На сцене стоит трибуна, стол с членами президиума, похожими на мебель, и бюст вождя на постаменте.

В начале выступает Печёнкин, потом приезжий московский генерал, потом второй секретарь горкома, потом ещё кто-то и ещё кто-то. Раскрываемость, профилактическая работа, противодействие коррупции и хищениям социалистической собственности.

Если бы не желание быть рядом с Геной в судьбоносные моменты его жизни, я бы хрен пошёл, честное слово. Это же как выдержать-то?

Наконец, зал оживляется, наступает время вручения знаков отличия и звёзд. На сцену вызывают по нескольку человек. Всех объявляют по именам, жмут ручку, вручают кому погоны, кому значки, кому и то, и другое.
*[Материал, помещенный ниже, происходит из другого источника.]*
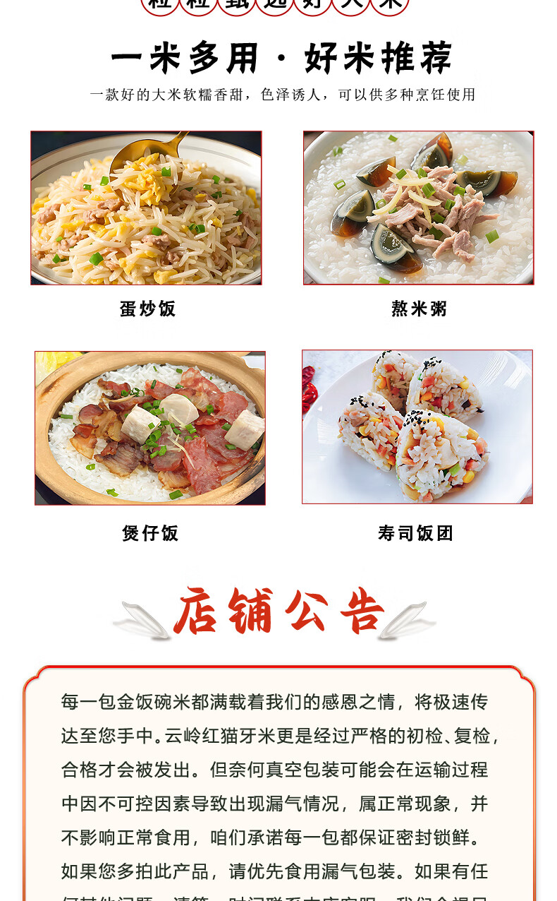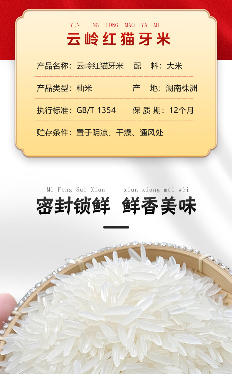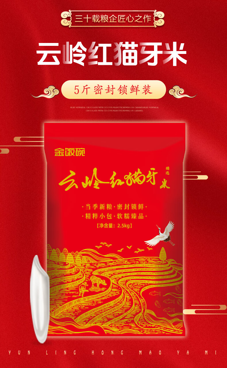 金饭碗猫牙米长粒香米5斤新米真空包装软糯香甜大米工厂直发 云岭红猫牙2.5KG

— Ну всё, пошёл, — подскакивает Гена, когда слышит своё имя.

Он выходит на сцену вместе с участковыми. Когда очередь доходит до него, награждающий спотыкается.

— Младшему лейтенанту Рыбкину, — говорит он и останавливается, перечитывая несколько раз записи в своём листочке. — Рыбкину… э-э-э… внеочередное звание капитана милиции и нагрудный знак «Отличник милиции».

Гена поворачивается к залу и глаза у него… глаза его надо видеть. Вот это эффект! Кажется, поражены все участники — и Гена, и награждающий, и собратья по оружию, стоящие на сцене.

— Поздравляю, дядя Гена! — кричу я! — Ура, товарищи!!!

Рыбкина хлопают по плечам, по спине, по голове, будто он забил решающую шайбу в финале чемпионата мира, и буквально выносят в фойе. Сейчас как раз объявляется перерыв перед выступлением сводного хора школ города.

Его жулькают и тискают не менее получаса и требуют, чтобы он немедленно бежал в буфет проставляться.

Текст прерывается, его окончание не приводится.